3 thoughts on “How I became a computer geek

  1. Hey Chris,

    It's very uncanny how similar your experience was to mine. There are a few minor details that are different, but overall what was important was the same:

    I was introduced to computers by Mr. MacDonald, the A/V guy (who happened to be a very close friend's step dad) at our elementary school. I was so fascinated and excited by what he was able to do with computers, my parents went out and bought a Commodore 64-SX Portable, which I still have (most of, anyway). I remember spending hours writing BASIC programs that would scroll my name across the screen in different patterns, and bringing it to my 3rd grade class to play games, forever cementing my reputation as a nerd.

    Then it was on to the Apple IIe, the 8086 MS-DOS PC with the Turbo button (very fancy) and learning Pascal in school... the on to the 486-33 that I used to play Doom with my friends over the 10-base-2 coaxial network... to joining the local BBS and coordinating movie nights over chat ... to even starting our own BBS -- with aspirations of starting an actual ISP to connect up all of Cape Cod -- and registering our first domain in 1994 (ascension.com) ... then going off to Earlham and being even more inspired when I saw computers directly connected to the Internet. The rest is kind of history.

    I think your 'ingredients' are exactly correct and I couldn't offer any better advice to anyone trying to "get into" computers. We have two little kids now and it will be very interesting to see what their "Commodore 64s" and "BBSs" will be. I hope we can recognize those things when they come. I'm sure they will look much different.

    Thanks for writing this. It was really fun to visit these memories.

  2. Oh the memories. My first peek at a computer was a bit before your time. It was this huge box like thing that they brought to our Jr. High School back in the 70's. I was in a group of kids that were enrolled in MGM (mentally gifted minors) way back before being a geek was even remotely cool. I was fascinated by everything having to do with it.

    I made the mistake of getting married way too young and gave up a lot of dreams to assist my ex-husband with his. But back in the 80's as a young wife I managed to get him to buy my Atari 800 and spent many, many hours flipping through computer magazines and entering basic programs from them.
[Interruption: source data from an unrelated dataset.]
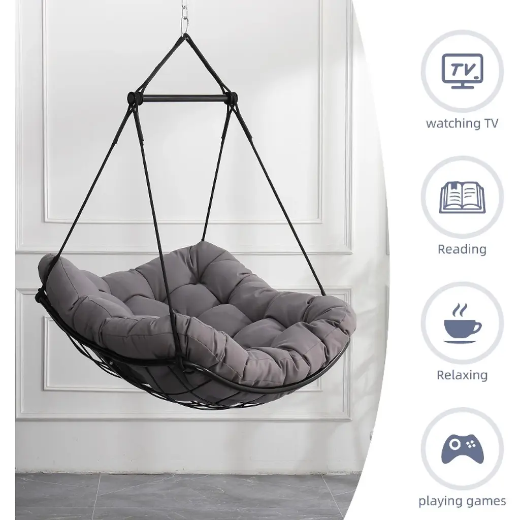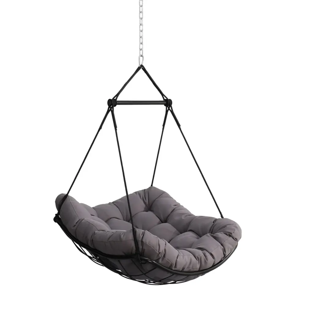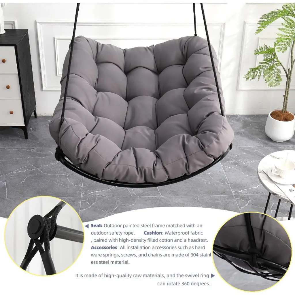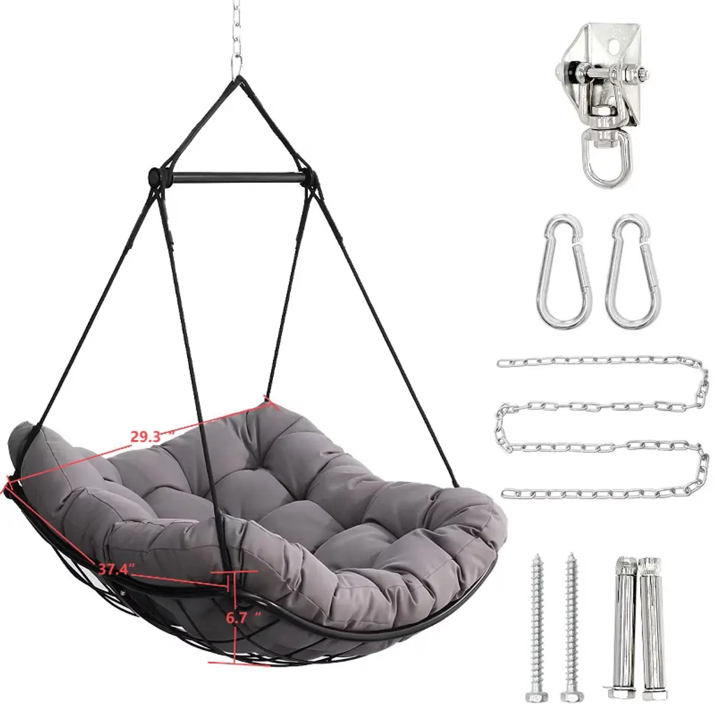 This premium hanging hammock chair features an oversized thick cushion made of breathable cotton-polyester blend for ultimate comfort. The outdoor swing chair comes with a powder-coated steel frame, 1.2m adjustable chains and 360° swivel rings for secure hanging. Perfect for patios, gardens or indoor spaces, this patio hanging chair includes complete installation hardware for easy setup.
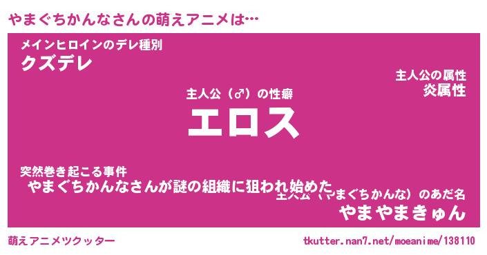 | 男性向けラノベタイトル風あだ名 | 『ヤマグチカンナアートオンライン』 |
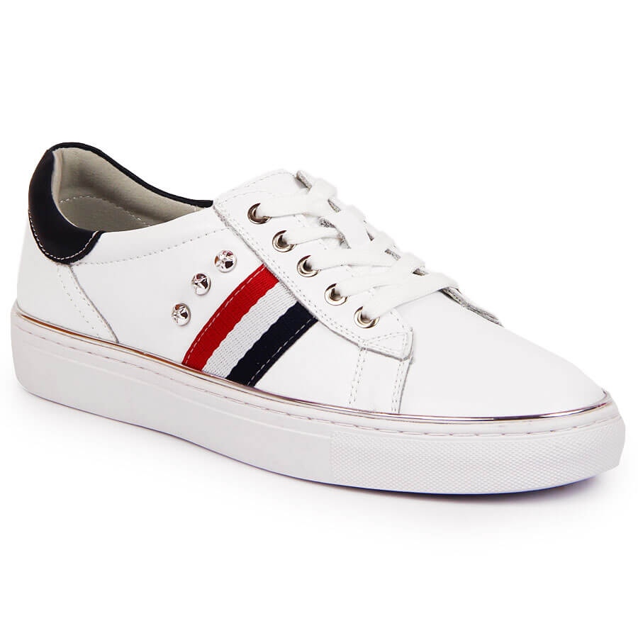 Detalhes: Sapatos femininos de couro, tênis branco Vinceza
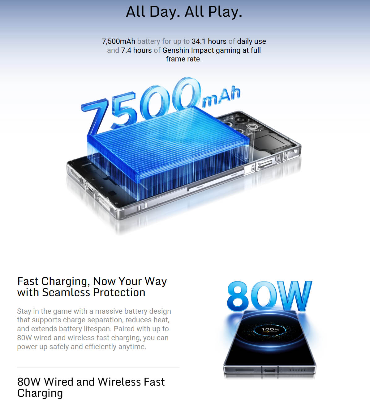 ▼バッテリー容量は7500mAh。原神を7.4時間連続でプレイすることができるそう。80Wの有線充電及びワイヤレス充電に対応しています。↓
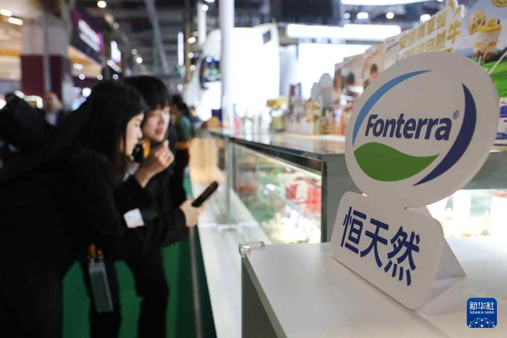 11月7日,人们在农食产品展区恒天然展台参观。恒天然是进博会八届“全勤生”。
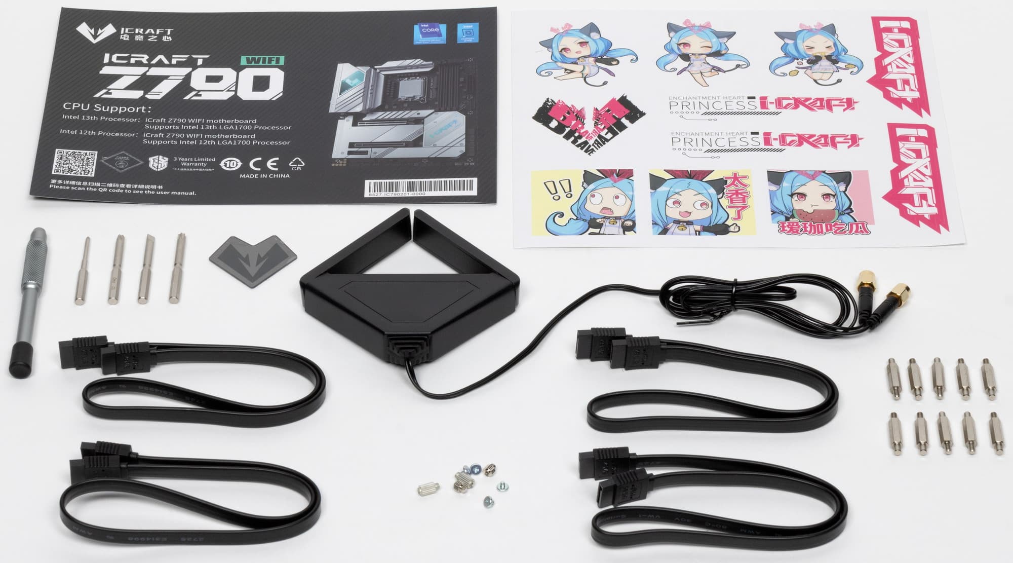 Maxsun iCraft Z790 WiFi поставляется в красивой и дорогой упаковке из плотного картона с крышкой на магнитном замке и ручкой для переноски. Комплект размещен под платой в отдельном отсеке.
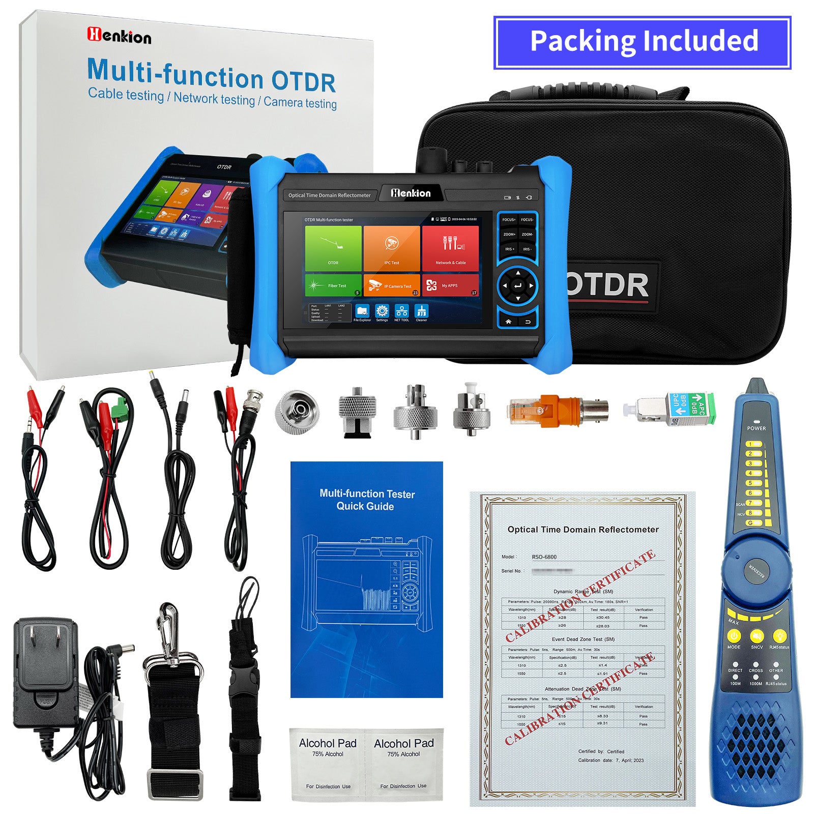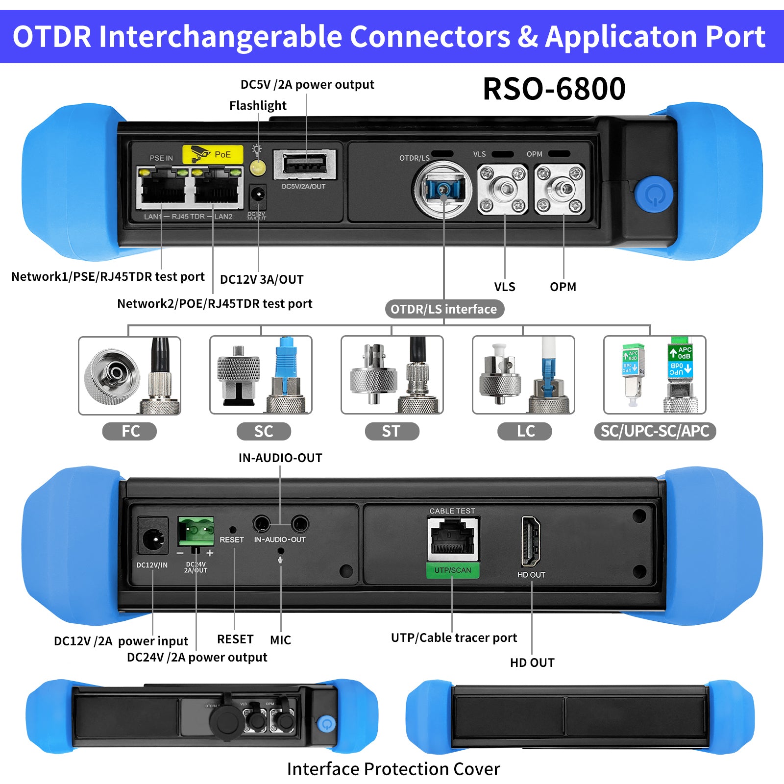 The RSO-6800 OTDR series is a multifunctional all-in-one fiber tester and camera tester. It supports testing of IP cameras up to 8K 32MP, HD coaxial cameras, and CVBS cameras, and supports multiple cable tests and OTDR fiber optical tests at the same time.
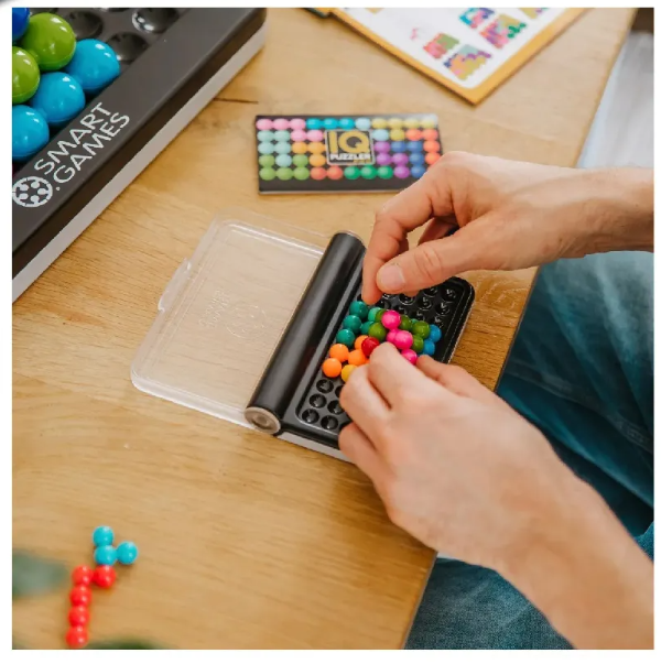 ¡Mantené tu cerebro en forma! Con IQ Los Juegos de Smart Games. ¡Hacé que todas las piezas del rompecabezas 3D encajen en el tablero de juego de tal manera que se convierta en una imagen (plana) 2D!
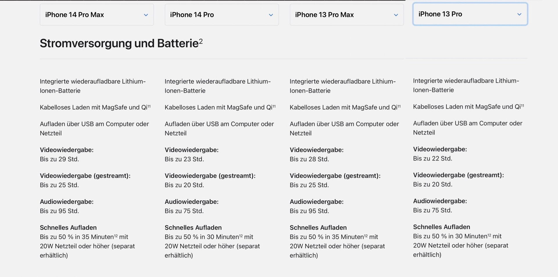 Laut Apples technischer Daten halten alle Modelle der iPhone 14-Serie beim Anschauen von Videos eine Stunde länger durch als ihre Vorgänger. Während es beim Video-Streaming und beim Abspielen von Musik bei den beiden Pro-Modellen keinerlei Fortschritte gibt, hält das iPhone 14 auch in diesen Disziplinen etwas länger als noch das iPhone 13. Der Apple A16 Bionic des iPhone 14 Pro sollte durch die modernere Fertigung in TSMCs N4-Verfahren effizienter arbeiten, ob die Laufzeit der Pro-Modelle dadurch in der Praxis spürbar länger ausfällt, werden aber erst ausführlichere Tests zeigen.
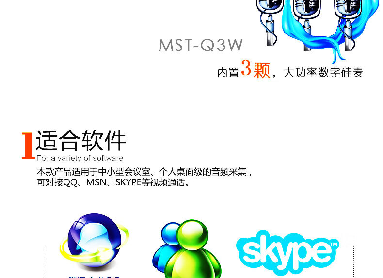 美源视频会议麦克风/全向麦克风/会议麦克风USB免驱/音视频会议全向麦克风 MST-Q3W(3颗数字硅麦,2.4G无线) 自营
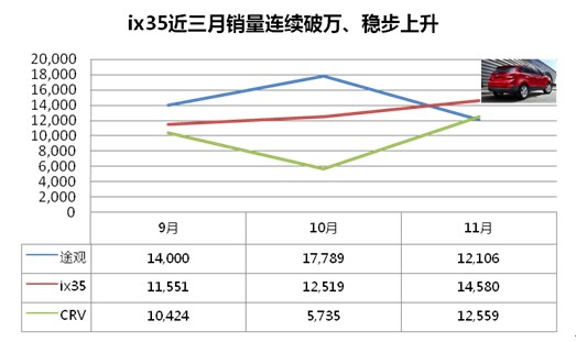 11月,北京現(xiàn)代ix35售出14,580輛,擊敗東風(fēng)本田CR-V、上海大眾途觀,再次成為國內(nèi)SUV市場月銷量冠軍。這已經(jīng)是ix35連續(xù)三月銷量突破1萬輛大關(guān)。與途觀、CR-V出現(xiàn)的大幅波動不同,ix35的市場表現(xiàn)顯得十分穩(wěn)定,在進(jìn)入9月后銷量一直穩(wěn)步上升,并登頂銷量榜單。與此同時(shí),ix35的其同門兄弟途勝也在11月售出5000輛,名列榜單第六。
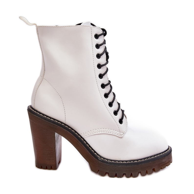 Elegante und komfortable Stiefel sind ein Vorschlag für die Herbst/Winter -Saison für Frauen, die Stil und Komfort schätzen. Hergestellt aus hochwertigem ökologischem Leder in klassischem Weiß mit subtilen schwarzen Akzenten, auf einem stabilen Fersentyp (10 cm). Das Modell greift nach dem Knöchel, ist mit einem praktischen Reißverschluss an der Seite befestigt, und die Schnürung verleiht ihm einen Charakter und erleichtert die Passform.
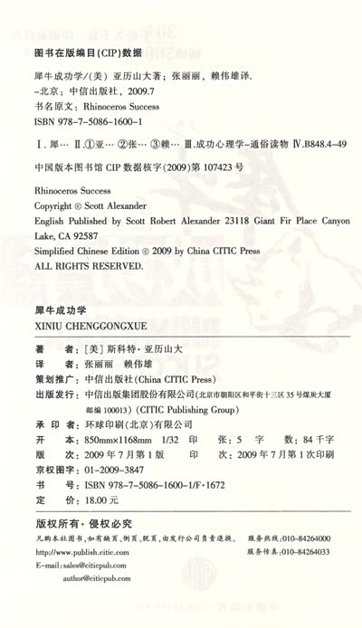 斯科特·亚历山大(Scott Alexander),犀牛成功学专家。23岁时出版《犀牛成功学》,一举成名,至今印刷已超过100次。此后相继出版了《高级犀牛学》、《犀牛相对论》及《犀牛态度》。《犀牛态度》是斯科特用他独特、风趣的风格写成的又一本力作。在这本书里,他进一步阐述了成功必备的态度。目前,犀牛丛书全球畅销近300万册。 今天,斯科特在全世界各地演讲,分享他关于成功与激励独特而幽默的哲学。在过去20年里,他还从事非洲艺术、化石、音乐等不同学科的研究。
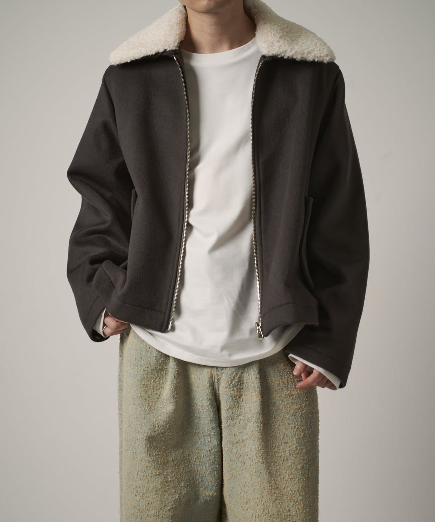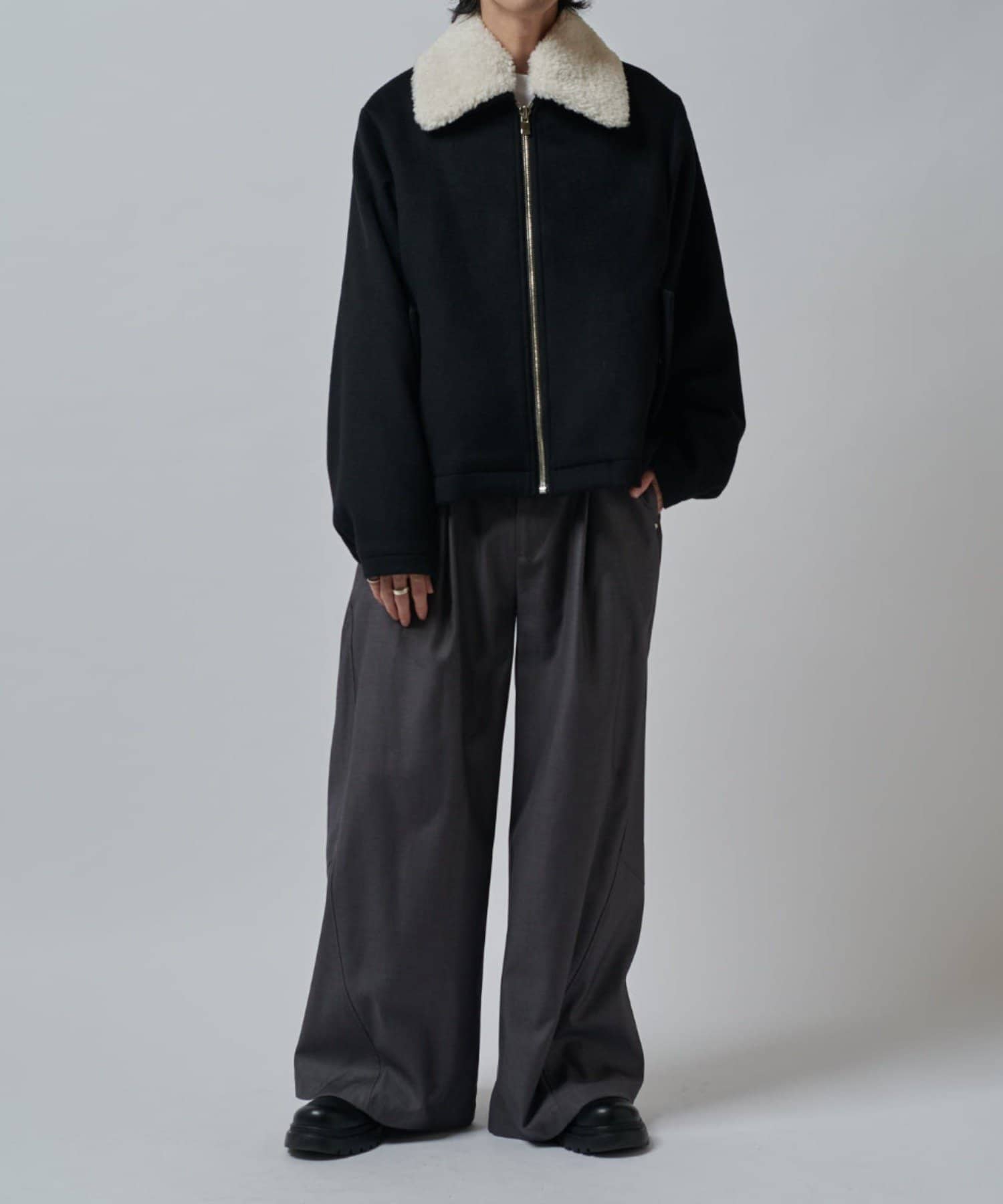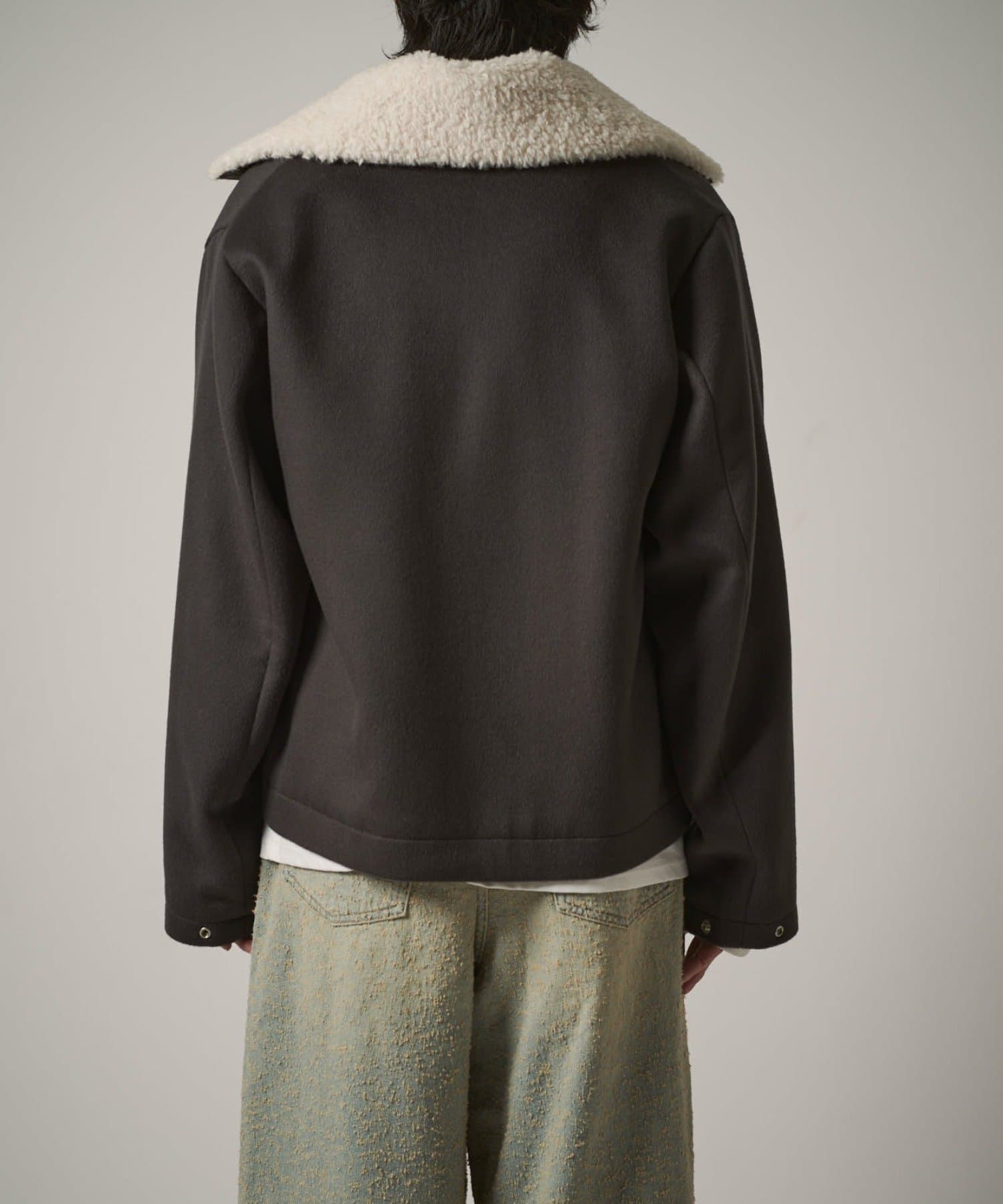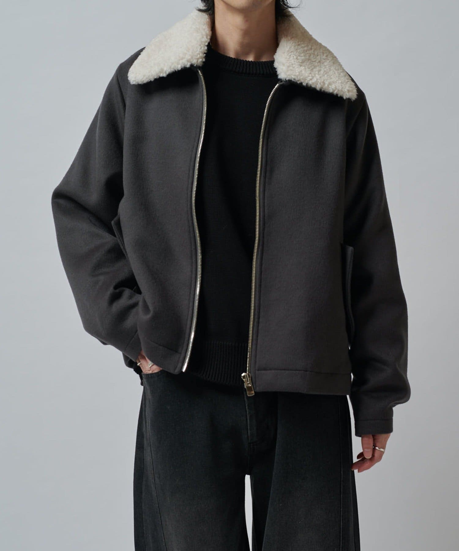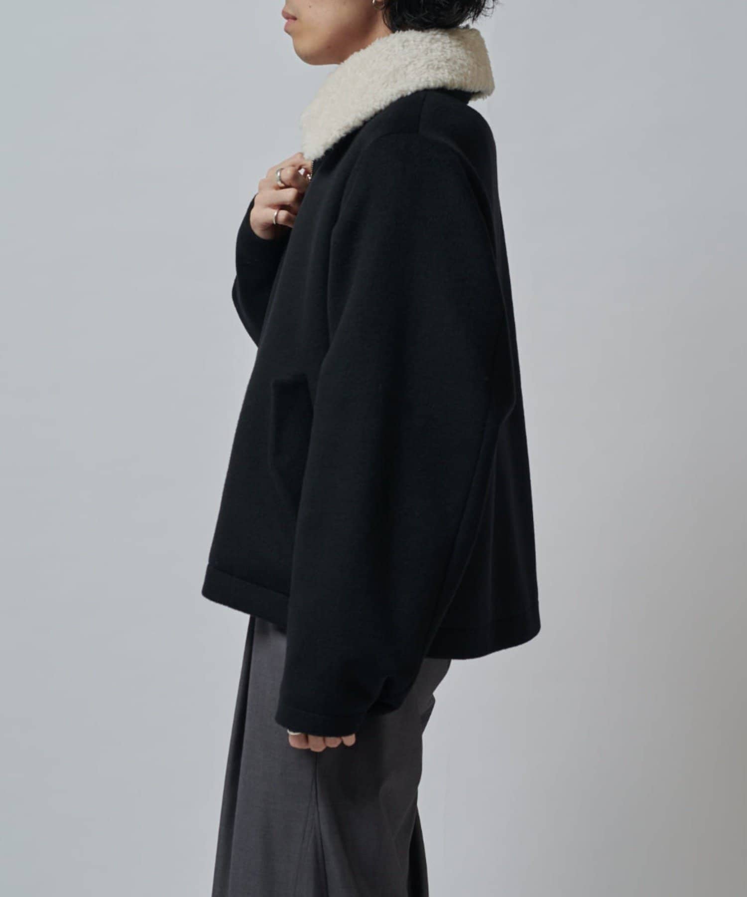 襟のボアが特徴的なブルゾン。

I actually loved having errors because I loved the process of finding where I (or they) had made mistakes.

    Over the years I have always found a way of updating my computer and rarely have I gone without one. Kids and life kept me from persuing programming but I admire all those that devote their time to making our lives easier with their programs.

    I passed on my love of technology to my kids and although only one works for a software company (Blizzard) they all have computers and cell phones and keep me updated on their comings and goings.

    Thanks to all of this technology I am considered a "cool" grandma because I play MMO's and share with the "kids" so many things via the internet.

    Thank you for this peek into your perspective.